Karma: Dean Young Consulting (DYC)
by , 02-10-2011 at 02:26 (214 Views)
Y'know, I've always been a fan of karma, the concept that good deeds will pay forward, and vice versa. I feel that I've done well with karma over my life, and I joke all the time about my karma bank. Just before Christmas, I ended up seizing a vehicle from an elderly couple because the registration had lapsed some time ago, and they had no proof of insurance. My karma bank took a big withdrawal that day, and I felt horrible. Sometimes I can bend, other times I cannot.

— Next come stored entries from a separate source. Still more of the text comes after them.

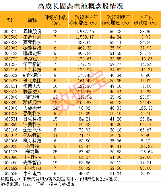 一批高成长股浮现。5家及以上机构评级的固态电池概念股中,有27只个股机构一致预测今年、明年净利增速均超30%。其中,鹏辉能源、恩捷股份、嘉元科技等个股机构一致预测两年净利增速均超50%。
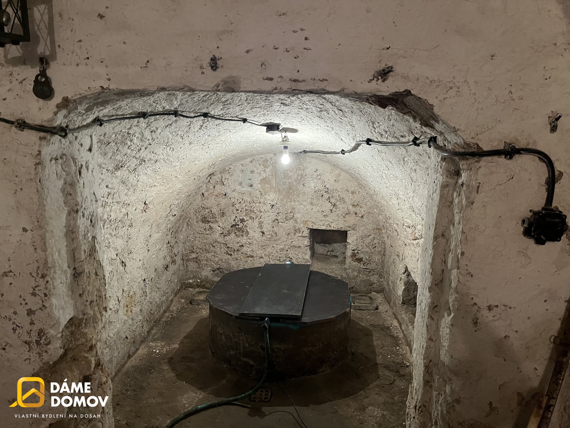 Nemovitost také nabízí unikátní klenbový sklep o rozloze přes 150 m² s původní kamennou studnou. Sklep má valenou klenbu a díky stabilní teplotě a charakteru prostoru se hodí například pro skladování archivního vína, umělecké ateliéry či jiné netradiční využití.
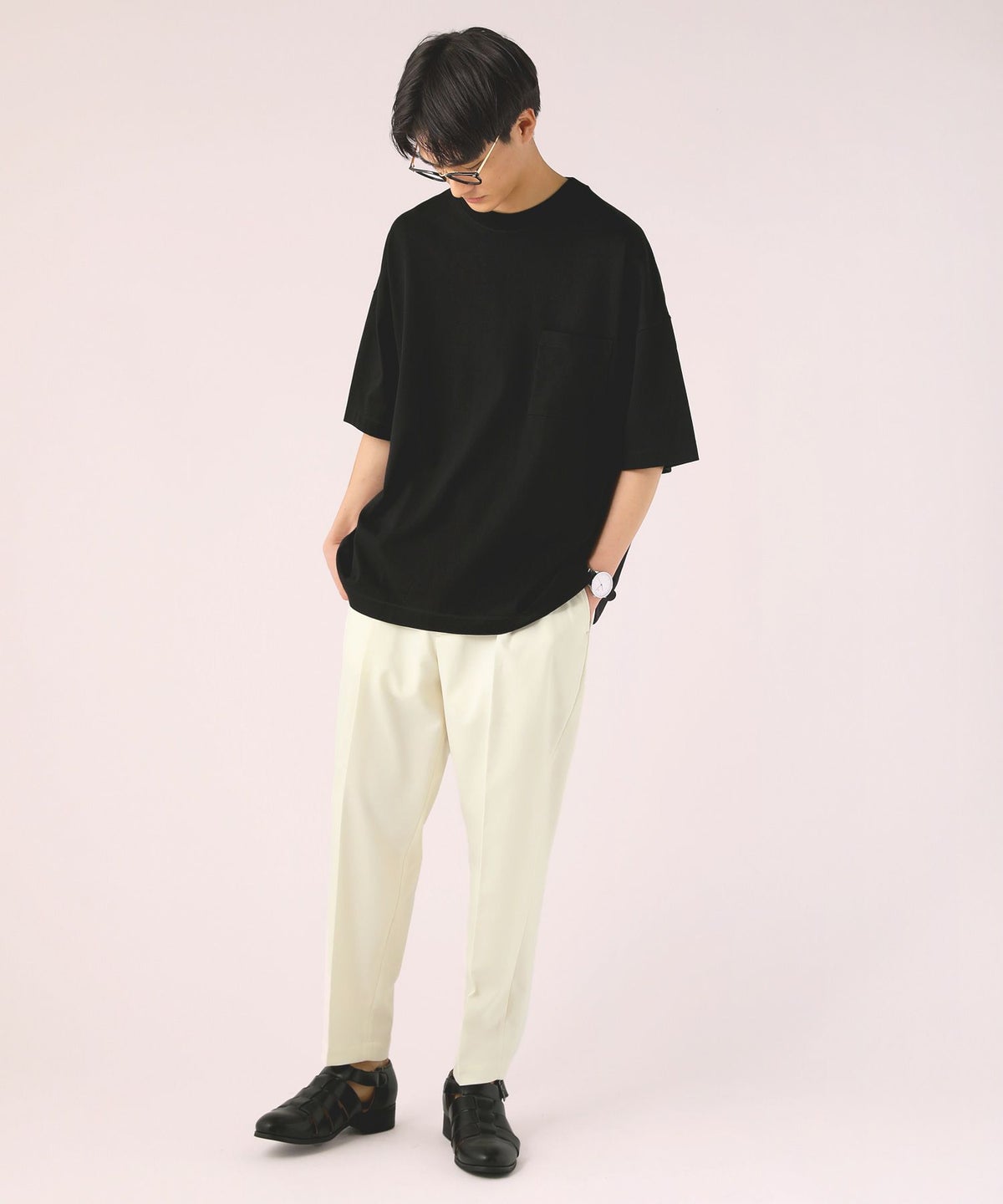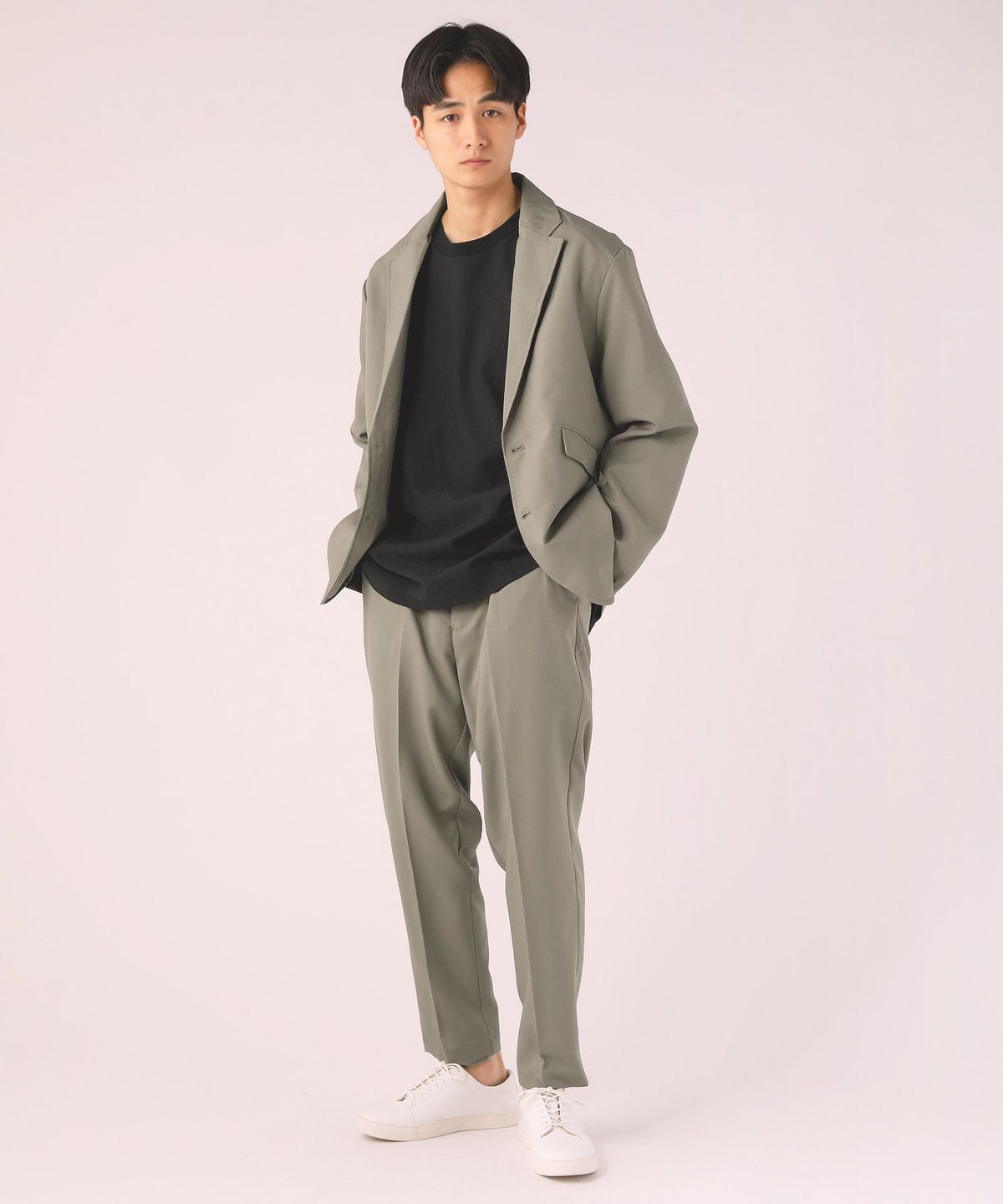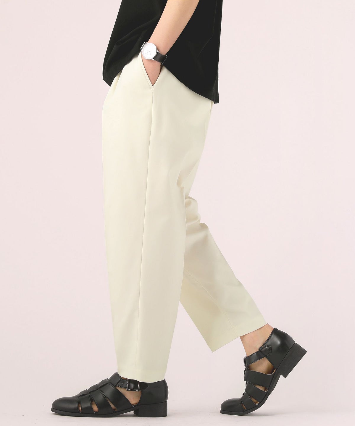 T/Rギャバジン2プリーツテーパードパンツ

I tend to cut people breaks when I pull them over, and I treat them with respect, regardless of their attitudes. It can be so easy for us in law enforcement to become self-righteous when stopping someone for breaking the law, or to treat some people like the idiots they are portraying themselves to be. It's funny sometimes, very hard other times. People I've encountered who I've treated fairly and professionally when issuing citations have actually offered their hands for a shake... after I've given them the ticket (my partner's probably shuddering at that last statement and thinking "Unsafe! Unsafe!" Others have been contrite when catching them again following a warning, stating that "You got me again... fair enough." Of course, I've stopped people that absolutely refuse to take responsibility for their actions, too. It's funny that people don't seem to get that what goes around, comes around.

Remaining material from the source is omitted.